I was recently invited to participate in a horse therapy session. I’ve never been part of such an event and it was really more impressive than I had expected. It turned out to be a great way to reflect on the beginning of the school year since the theme of the session was relatinships – specifically compliance versus connections.

I’ve been wanting to write in depth about the session but it’s really not my story to tell. The idea though was that one can not force a relationship. There are many small connections that must be made before trust and a partnership can be formed. Trying to immediately force compliance onto someone takes away choice and can stall a relationship. It can remove intimacy needed to form a successful partnership.

Reflecting on this session really made me think about starting the upccoming school year and the flood of “team builders” and “ice breakers” that are about to consume our social media feeds.

I hate participating in ice breakers. They almost always skip the “small connections” phase and immediately demand unearned intimacy and trust. I remember taking a diversity PD session a few years ago that began with the instructors giving each table group a big piece of post it paper and asking us to write down all the racial slurs we had ever heard. When everyone balked at this the instructor insisted it was a ‘safe space’. Nope. We all still just looked at each other. There was no development of trust. It wasn’t a safe space.
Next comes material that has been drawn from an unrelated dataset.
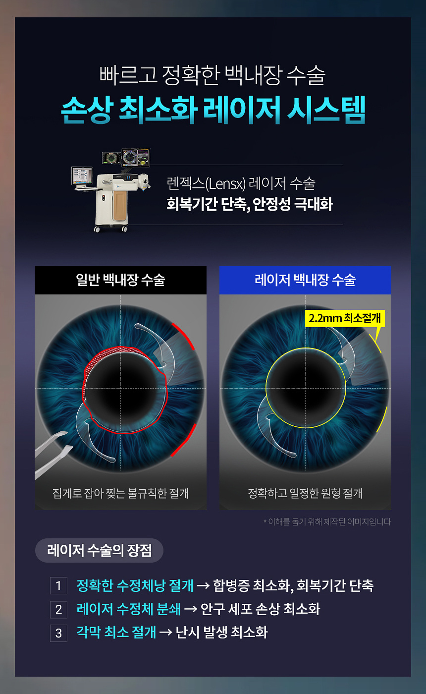 아무리 좋은 렌즈를 선택해도 백내장 렌즈 삽입이 정확하게 이뤄져야 빛 번짐이나 난시 등의 증상을 비롯해 다시 수술을 해야 할 가능성도 낮춰주기 때문에 의료진의 숙련도와 노하우를 반드시 확인해야 합니다.

The anecdotes don’t even need to be that drastic. I still get flop sweat from some of my comments when college professors asked us to introduce ourselves and tell the class something interesting about ourselves. That was over 2 decades ago! What often gets overlooked is that trust and intimacy takes time to develop and that these ice breakers are blunt force weapons that try to coerce intimate details.

A big thing missing from most ice breaker activities is the ability to opt out. Allowing students to not participate helps let them know that the teacher respect their privacy, dignity, and choices. Also important is that there is nothing organic about ice breakers. The conversations are forced. The games are not really conducive to playing and easy fun.

I like starting my 11th student introductions by playing board games. Student favorites are Secret Hitler and Sushi Go. Usually, I lead a board game station as one of several introduction activity stations. It allows for natural conversations and a lot of laughter. The students also learn the expectations and procedures in a more natural manner. Importantly they learn about me, my personality, and the limits I will structure throughout our year together.

If you really want to do an ice breaker I suggest Fruit Basket.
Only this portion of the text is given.